# [WHAT IS NEEDED]
This exercise calls for duplicating every entry below exactly, without the images.

(Records drawn from a dataset)
========================

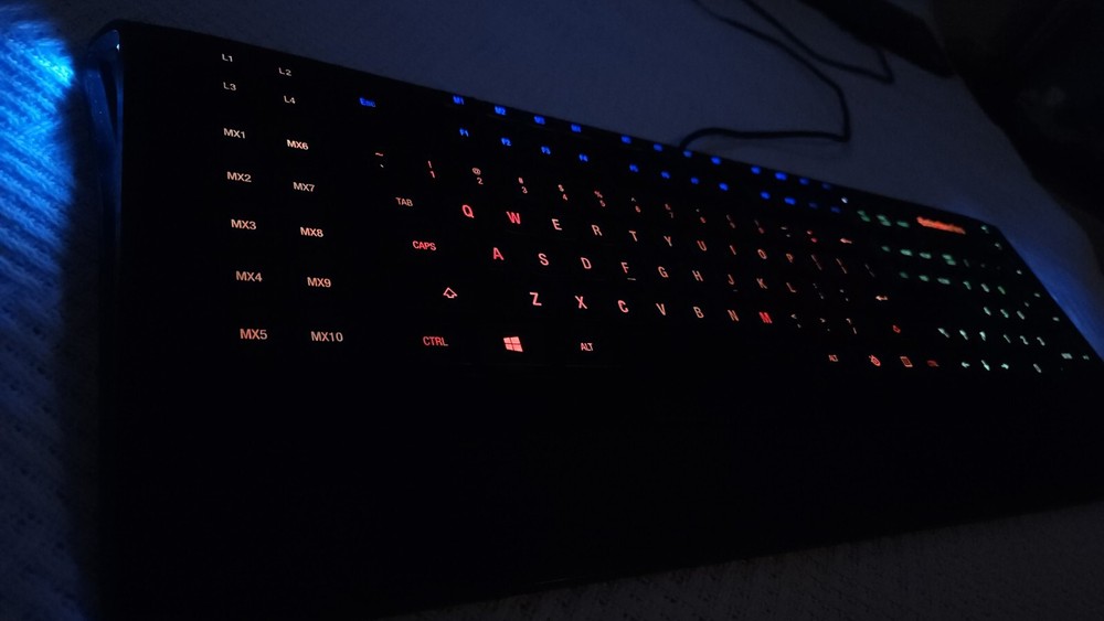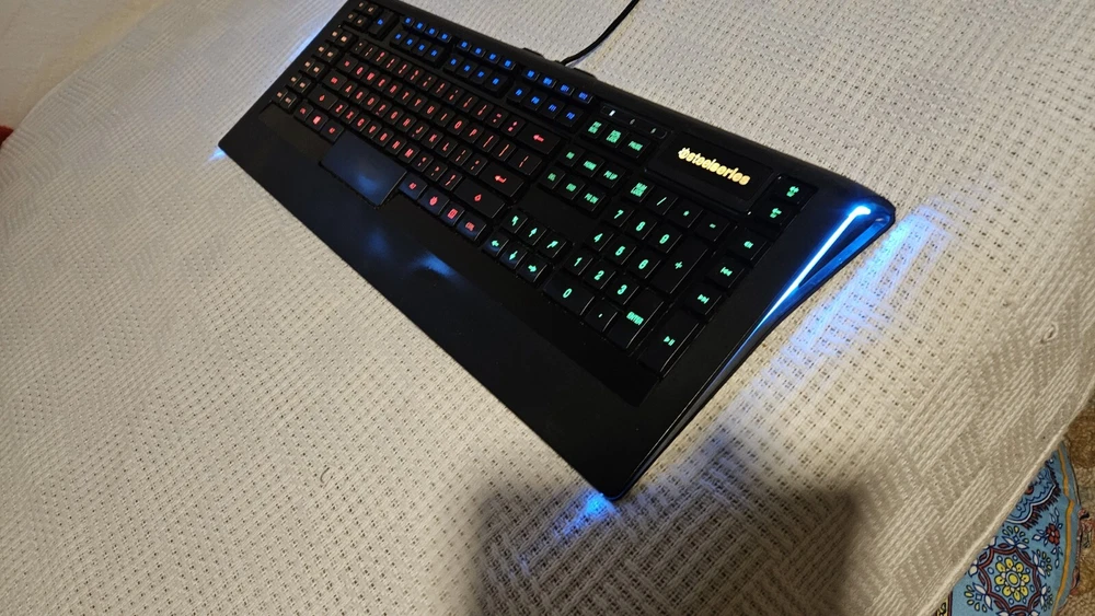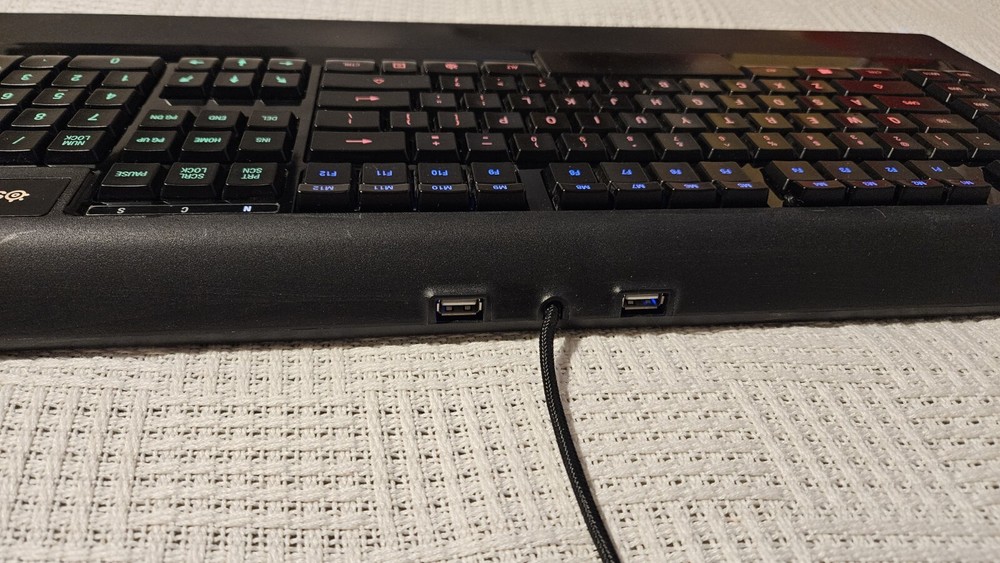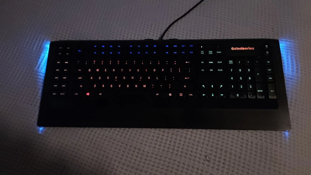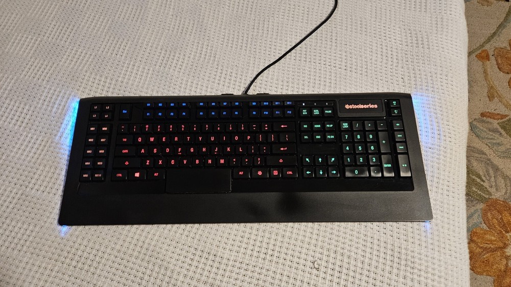 I love my SteelSeries Apex 350! The software (download) allows for any macro you can dream up. Start programs, run macros, repeatable key combinations. 26 programmable keys in addition to all the standard keys including function keys. A jewel of a keyboard. I'm selling because I've renovated my office and sadly my new desk can't accomodate this lovely, full-size keyboard. USB-A connection and two USB-A jacks on the back. FREE shipping in the USA. In excellent fully operational condition with fully backlit keys that you can even assign color schemes to different parts of the keyboard layout - you choose the colors. A true joy to work with.
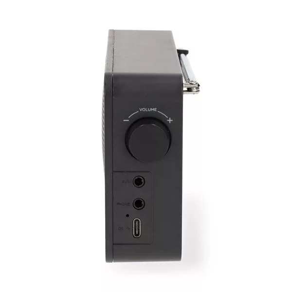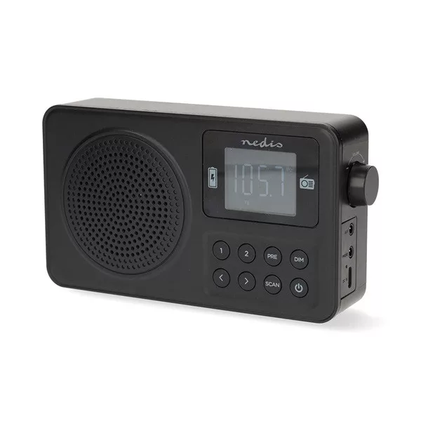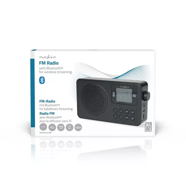 Nedis RDFM2225BK hordozható FM rádió, digitális hangolás, Bluetooth, Fejhallgató kimenet, Ébresztőóra, akkumulátor
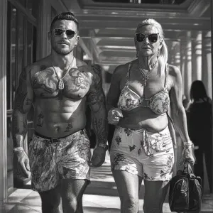 «Realism,sharp art,detailed.a man muscular beefy sweaty walking w...»
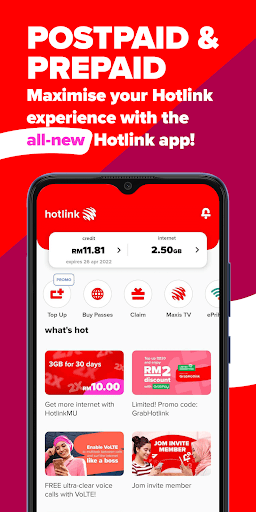 Whether for Hotlink Prepaid or Hotlink Postpaid, get everything you need now in one all-new & improved app.
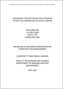 Ang, Leng Qin and Lai, Sze Suen and Soh, Yi Jye and Soon, Wan Sing (2025) Accessing the factor on the intention to stay in a workplace in Kuala Lumpur. Final Year Project, UTAR.
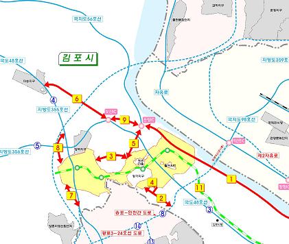 또한 기존에 추진 중인 광역도로 3개 노선(15.6km, 2009년 완공)과 일산대교건설(1.8km, 2007년 완공), 송포~인천간도로(3.5km, 2008년 완공) 사업 등 주변 교통개선 사업도 추진할 계획이다.
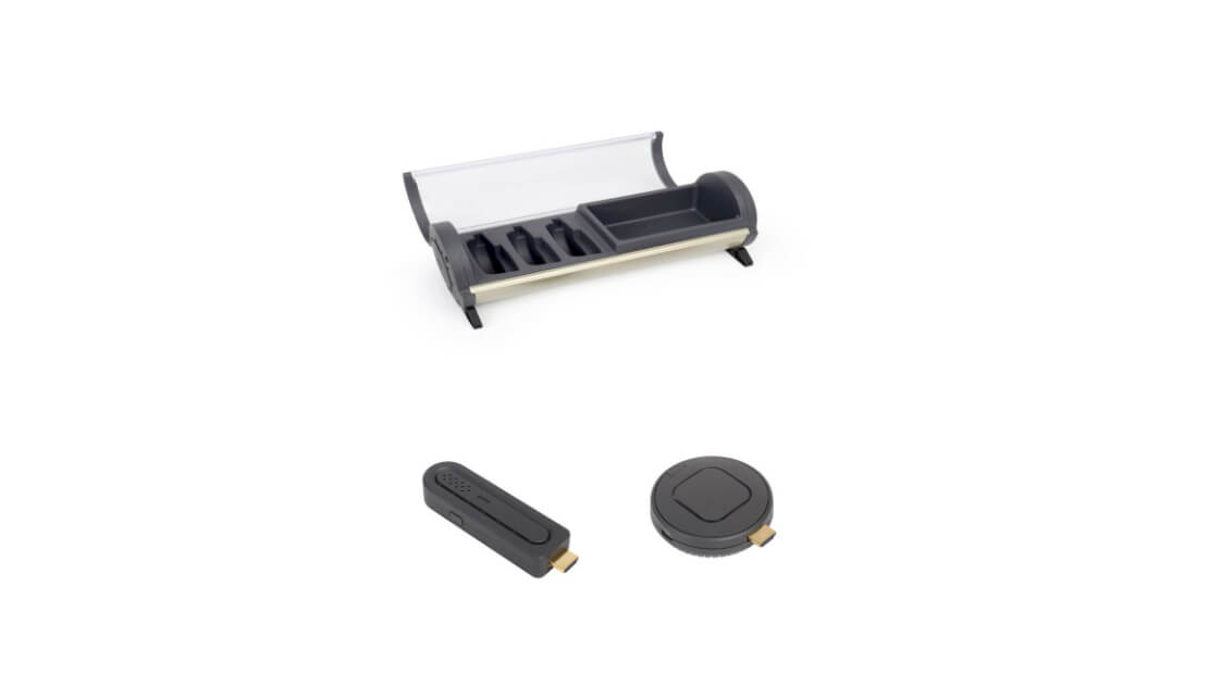 Simplificați încărcarea transmițătoarelor HDMI QuickCast plasându-le în suportul de încărcare convenabil. Suportul de încărcare poate găzdui până la trei transmițătoare QuickCast și poate încărca fiecare transmițător în aproximativ 2,5 ore. Suportul dispune, de asemenea, de o tavă de depozitare pentru orice adaptoare sau cabluri care pot fi necesare.
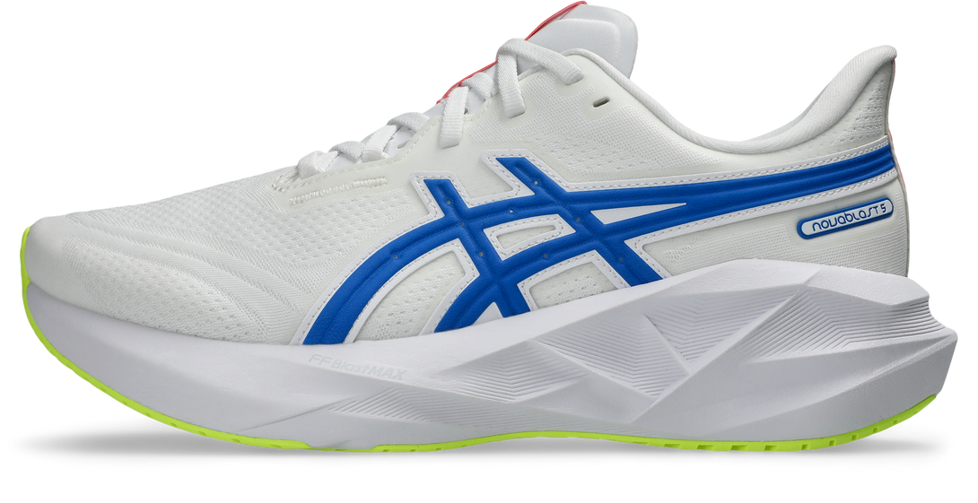 The ASICS NOVABLAST™ 5 ATC is a high-energy, neutral running shoe designed to deliver bounce, comfort, and modern style to every kilometre. Drawing design inspiration from vintage 1980s track suits and running shoes, the ATC (All-Terrain Colourway) blends retro flair with modern performance. The midsole features FF BLAST™ MAX cushioning—ASICS’ most responsive foam—to create plush landings and a dynamic toe-off. Meanwhile, the trampoline-inspired outsole geometry helps maximize energy return, giving every stride a propulsive feel. The engineered stretch knit upper wraps comfortably around your foot while providing enhanced breathability and a secure fit. Ideal for Canadian runners seeking lightweight responsiveness and bold style in their daily training.
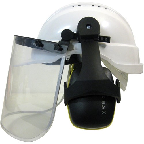 • Complete helmet, clear visor and earmuffs.
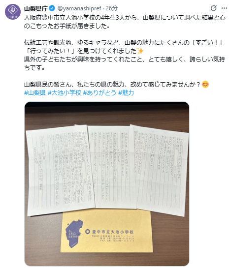 各都道府県庁から温かいお手紙が届いており驚いています。山梨県庁公式Xに本校の取組みが掲載されました。本当にありがとうございます

========================

# [FINAL ANSWER]
 I love my SteelSeries Apex 350! The software (download) allows for any macro you can dream up. Start programs, run macros, repeatable key combinations. 26 programmable keys in addition to all the standard keys including function keys. A jewel of a keyboard. I'm selling because I've renovated my office and sadly my new desk can't accomodate this lovely, full-size keyboard. USB-A connection and two USB-A jacks on the back. FREE shipping in the USA. In excellent fully operational condition with fully backlit keys that you can even assign color schemes to different parts of the keyboard layout - you choose the colors. A true joy to work with.
 Nedis RDFM2225BK hordozható FM rádió, digitális hangolás, Bluetooth, Fejhallgató kimenet, Ébresztőóra, akkumulátor
 «Realism,sharp art,detailed.a man muscular beefy sweaty walking w...»
 Whether for Hotlink Prepaid or Hotlink Postpaid, get everything you need now in one all-new & improved app.
 Ang, Leng Qin and Lai, Sze Suen and Soh, Yi Jye and Soon, Wan Sing (2025) Accessing the factor on the intention to stay in a workplace in Kuala Lumpur. Final Year Project, UTAR.
 또한 기존에 추진 중인 광역도로 3개 노선(15.6km, 2009년 완공)과 일산대교건설(1.8km, 2007년 완공), 송포~인천간도로(3.5km, 2008년 완공) 사업 등 주변 교통개선 사업도 추진할 계획이다.
 Simplificați încărcarea transmițătoarelor HDMI QuickCast plasându-le în suportul de încărcare convenabil. Suportul de încărcare poate găzdui până la trei transmițătoare QuickCast și poate încărca fiecare transmițător în aproximativ 2,5 ore. Suportul dispune, de asemenea, de o tavă de depozitare pentru orice adaptoare sau cabluri care pot fi necesare.
 The ASICS NOVABLAST™ 5 ATC is a high-energy, neutral running shoe designed to deliver bounce, comfort, and modern style to every kilometre. Drawing design inspiration from vintage 1980s track suits and running shoes, the ATC (All-Terrain Colourway) blends retro flair with modern performance. The midsole features FF BLAST™ MAX cushioning—ASICS’ most responsive foam—to create plush landings and a dynamic toe-off. Meanwhile, the trampoline-inspired outsole geometry helps maximize energy return, giving every stride a propulsive feel. The engineered stretch knit upper wraps comfortably around your foot while providing enhanced breathability and a secure fit. Ideal for Canadian runners seeking lightweight responsiveness and bold style in their daily training.
 • Complete helmet, clear visor and earmuffs.
 各都道府県庁から温かいお手紙が届いており驚いています。山梨県庁公式Xに本校の取組みが掲載されました。本当にありがとうございます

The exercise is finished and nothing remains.